U-Right International Holdings Limited (佑威國際控股有限公司), or U-Right (佑威), was a garment distributor and retailer headquartered in Hong Kong. It offered men's and ladies' casual wear under the brand name of U-Right through retail outlets and distribution points. It utilized and licensed the Swedish Texcote technology, which is a material processing technology based on the principles of nano-technology. It also had its own production base in Shunde and Shenzhen of Guangdong to develop its nano-technology products.

==History==
U-Right was founded by Mr. Leung Ngok in Hong Kong in 1983 and Mr. Leung served as the company chairman until 2008.
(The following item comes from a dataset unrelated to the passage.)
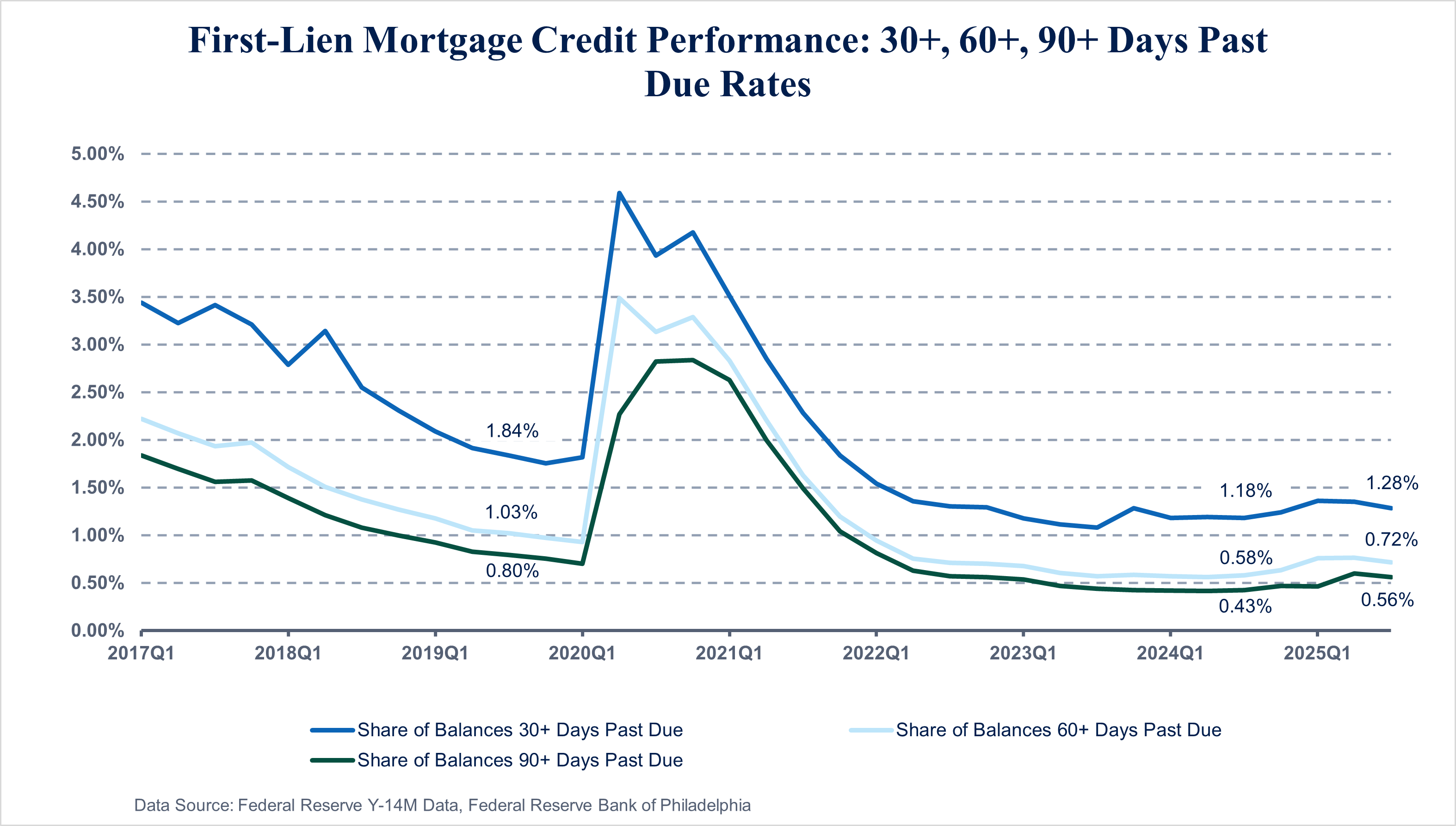 The median large bank mortgage balance has risen 15.8 percent over the past two years, or 10.0 percent when adjusting for home price growth. However, higher loan amounts do not imply that large banks’ mortgage borrowers are in danger of becoming overextended. Back-end debt-to-income ratios, which offer the most complete view of borrowers’ overall indebtedness, have remained more or less flat. Selective lending criteria and loan retention practices over an extended period have shaped a portfolio with high credit quality. For example, the 10th percentile refreshed credit score has risen more than 100 points over the past decade to 696. Furthermore, delinquency rates remain low by historical standards, as shown in Figure 3. That said, the third quarter saw the shares of balances 30+, 60+, and 90+ days past due tick up by 10, 14, and 13 basis points, respectively, compared with one year earlier, in line with similar year-over-year increases in the first and second quarters of 2025.

U-Right had acquired the Texcote Technology from Swedish scientists. This specific textile was water repellent, dirt resistant and carried environmental properties. Its subsidiary U-Right Nano Textile (China) Ltd. produced Texcote-built products for other clothing companies. U-Right launched Texcote-based products in 2002. Nano-coating clothes only increased production cost by 3%, yet the profit margin of nano-coated products was 50% higher. In 2003, the company announced exceptional results thanks to its nano-coated solutions and invested $50 million in a new nano-technology plant in mainland China to accelerate its Texcote-based production. In 2006, the company announced it could nano-coat a million items a month thanks to its increased production capacity.

From 2005 to 2007, in Hong Kong alone, the company store count went from 18 to 65. In mainland China, in 2007, U-Right owned 40 stores and 360 franchise stores. U-Right launched the stores Sevendays which carry top-tier fashion products (4 stores in 2007), and the high-end fashion brand Pezzx (2 stores in 2007). In 2007, U-Right started to sell brands others than their homemade brands.

In 2008, U-Right was liquidated by Deutsche Bank, its creditor, as HK$1.3 billion debts was disabled to pay back. And provisional liquidator took over U-Right. Retail stores were closed down and 160 employees were laid off. Mr. Leung, U-Right's former chairman, was also declared bankrupt by the Hong Kong High Court. Its shares still suspended trading until further notice.